Kristo ressentait une énorme fatigue doublée de l’angoisse habituelle qui le taraudait depuis sa prise de poste. La jeune fille en charge des prélèvements était certes capable, mais inexpérimentée. Elle risquait sa vie. La hiérarchie ne lui laissait pourtant pas le choix, c’était elle qui était en faction, la plus jeune, la plus dispensable, le sacrifice possible. Les principes de la Caste étaient clairs : les preuves faisaient loi. Il entendait son père lui dire, vingt ans auparavant, qu’on ne décidait rien dans la vie de la Caste, on lui prouvait juste qu’on se moquait de sa décision. Un pied de nez à la mort et surtout une déclaration d’humilité qu’il avait apprise à la lettre. Son père était le même genre d’homme que Janto. Il les admirait, mais savait qu’il serait différent : Kristo, lui, avait peur de mourir. Le jour où il s’était confronté à la grande Ordalie, il en avait pissé dans son froc. Il trouvait navrant de remettre son existence entre les mains du hasard. Quand ce fut terminé, il avait sombré dans une dépression qui ne l’avait jamais totalement quitté. Il avait survécu à l’épreuve aléatoire, comme une majorité d’autres jeunes de sa Caste, mais contrairement à ses congénères, il s’était senti profondément blessé par cette expérience. La fête qui avait suivi la Grande Ordalie avait eu un goût amer. Tant de souffrances pour cette tradition éculée... Ridicule ! Il aurait pris la Lance Sacrée et l’aurait volontiers enfoncée dans le cul des prêtres pour voir s’ils pouvaient y survivre. Il était là maintenant, à se geler sur une planète inhospitalière avec l’insigne honneur d’être un survivant qui attend la mort choisie par le Consortium. Un grésillement, qui annonçait une communication, coupa court à ses considérations :

— Kalisto Delta, au rapport.

— Alors c’est quoi ce truc ?

— Je ne sais pas trop, les capteurs sont perplexes et moi de même… Je n’ai jamais vu ça, Chef ! Le chaperon est en train de plonger les thermosondes et les sonars. À vue d’œil, c’est un agglomérat métallique. Je pense qu’il y a deux couches bien distinctes : la première est quasi transparente, comme du verre. En dessous, je crois apercevoir une coque. C’est délirant. Cette chose a été construite par l’homme, c’est certain.

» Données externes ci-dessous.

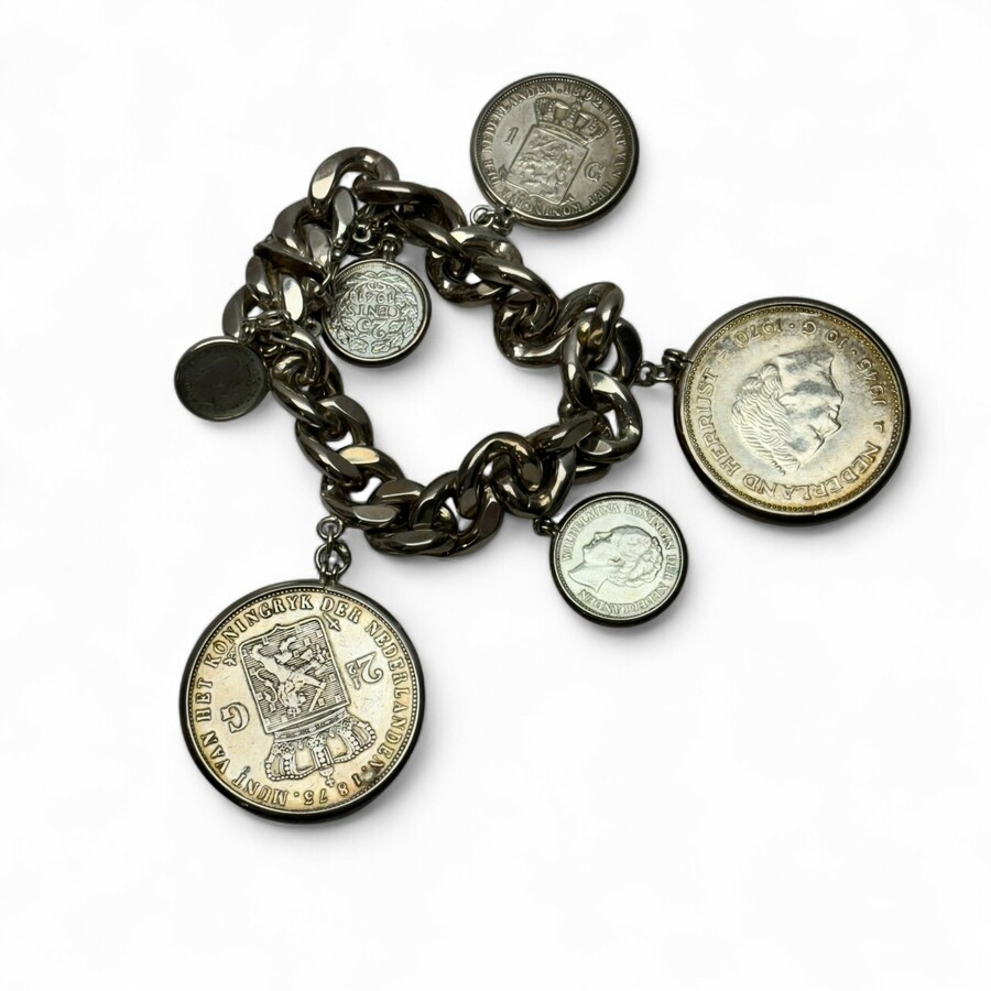 Een 20e eeuwse eerste gehalte (925/1000) zilveren armband, met daaraan diverse munten: Rijksdaalder 1873, 1/2 Gulden 1928, 10 Gulden munt 1970, Gulden 1892, 25 cent 1941 en 10 cent 1928

— Pas de traces d’identification ?

— Aucune que je connaisse, en tout cas !

— OK, tu laisses le chaperon terminer et tu rentres à l’intérieur. Tu actives le protocole de décontamination et tu ne bouges plus. Compris, Kalisto Delta ?

— Reçu contrôle. Terminé.

Encore un contretemps. Son visage exprimait une lassitude totale. Il tourna la tête et vit que toute la cellule de commandement le regardait, attendant ses ordres directs. Il en avait assez de contempler ces mines ternes qui lui demandaient sans cesse des comptes. Il s’emporta :

— Bougez-vous ! Mettez en place les protocoles actifs. Je veux une équipe prête dans une demi-heure. Et qu’on relève Kalisto et son chaperon… Elle est trop jeune pour l’exploration, je veux pas qu’elle fasse tout foirer.

— Vous avez entendu le patron, renchérit Janto. Au boulot. Convoquez Arkadius, Ultryo et leurs chaperons. Qu’ils soient au sas de lancement dans un quart d’heure !

— Je vais y aller aussi, dit Kristo. Je superviserai directement l’opération.

— Et le contrôle opérationnel ?

— Putain, tu prends la direction, j’ai pas à te le dire…

Habituellement, la voix monocorde de Janto le rassurait, mais dans ces moments-là, il ressemblait tellement au stéréotype du Consortium qu’il aurait pu le frapper. Il essaya de se persuader qu’il n’était pas comme lui, un pantin, mais rien n’était moins sûr.